NGOs und Freiheitsgrundrechte: Jede Gesellschaft und jeder Staat muss für sich entscheiden, wieviel äußere Einmischung sie bzw. er akzeptieren will. Die Souveränität und das Einmischungsverbot sind zwingendes Völkerrecht - und das ist auch gut so.Ich finde die russische Regelung bzgl. ausländsisch finanzierter NGOs im Prinzip legitim. Allerdings muss der Einzelfall geprüft werden.Meines Wissens nach findet die Einzelfallprüfung statt.
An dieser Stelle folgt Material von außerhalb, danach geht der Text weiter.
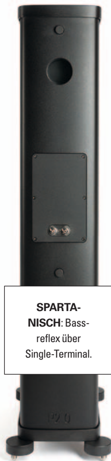
SPARTANISCH: Bass-reflex über Single-Terminal.

Wer kennt die Kombination zu diesem Klang-Tresor? Erster Tipp: Ein starker Verstärker sollte die Kraft anliefern. An kleinen Röhren-Amps wirkt das Klangbild eher wattig. Wie klingt dann die P2.0 in der Realität unseres Hörraums? Zuerst wirkt sie kühl. Doch das ist ein Missverständnis. Sie ist einfach nur ehrlich. Ein schlechtes CD-Mastering legt sie schonungslos offen. Doch bei 24 Bit und DSD wird es plötzlich samtig. Gar nicht zu reden von ei-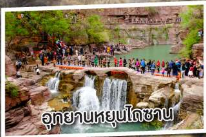
อุทยานหยุ่นโกซาน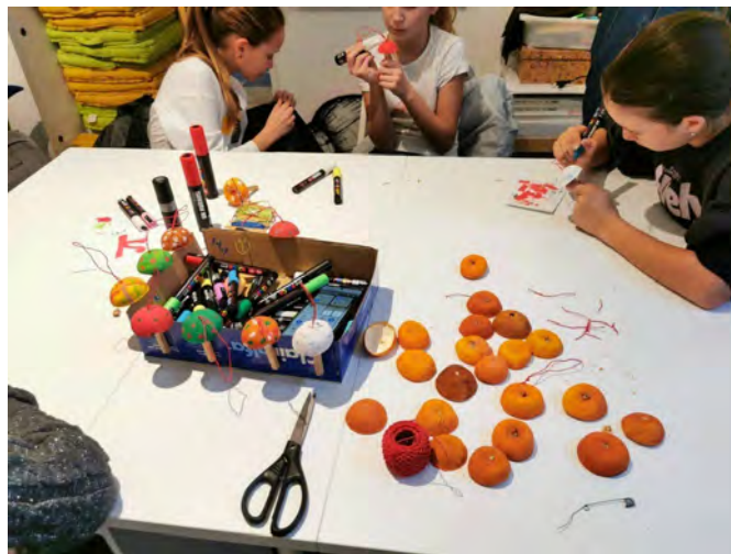
Slika 24. Božićna radionica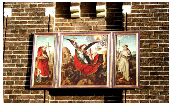
Het schilderij Davids

De Stichting verwacht dan ook medewerking te zullen vinden bij de instanties (gemeente en de politieke partijen) om haar doelstellingen de komende jaren te kunnen verwezenlijken.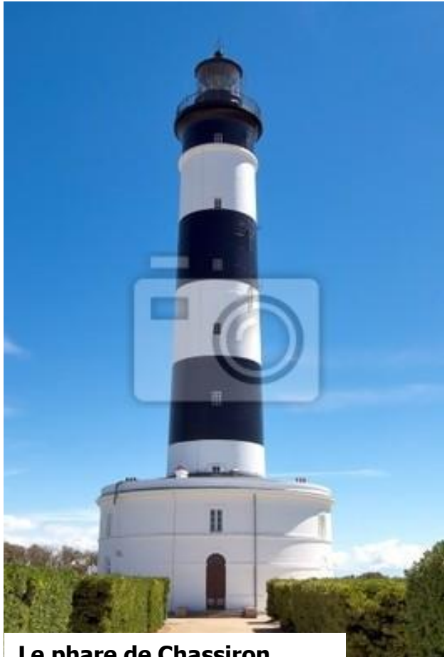
Le phare de Chassiron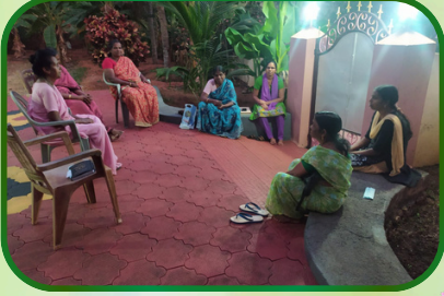
கம்பிளார் அன்பியம் -1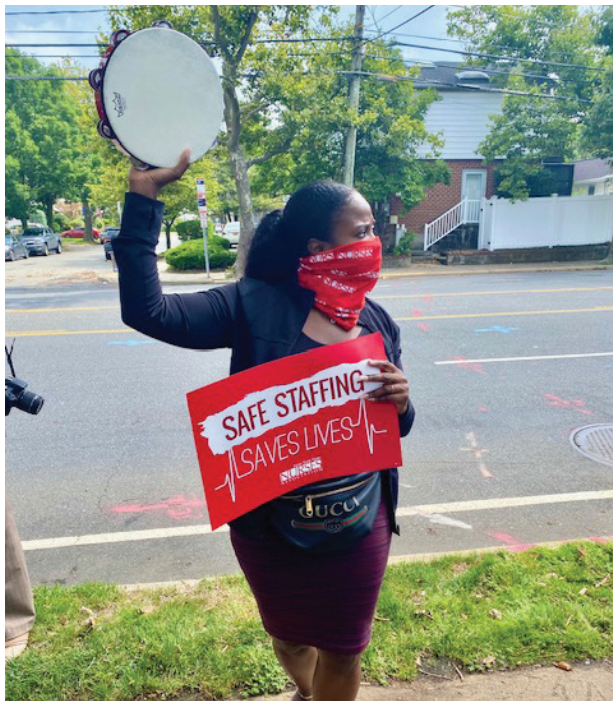
Mann Asanble Darling pwotekste ak Nelson Mandela pandan COVID la pou mande afektasyon pèsònèl sekirite pou enfimiyè yo

Ich habe keine Kenntnis von russischen NGOs in Israel oder woanders - was nicht heissen muss, dass es sie nicht gibt. Aber auch hier gilt für mich gleiche Grundsatz: Keine vom Ausland (auch nicht von Russland) finanzierten NGOs.
Russische Oligarchen versus Soros-Oligarch: Diese Frage müssen Sie der russische Gesellschaft stellen, ob sie mit Stiftungen und NGOs von russischen Oligarchen einverstanden ist. Da bin ich offenkundig der falsche Ansprechpartner.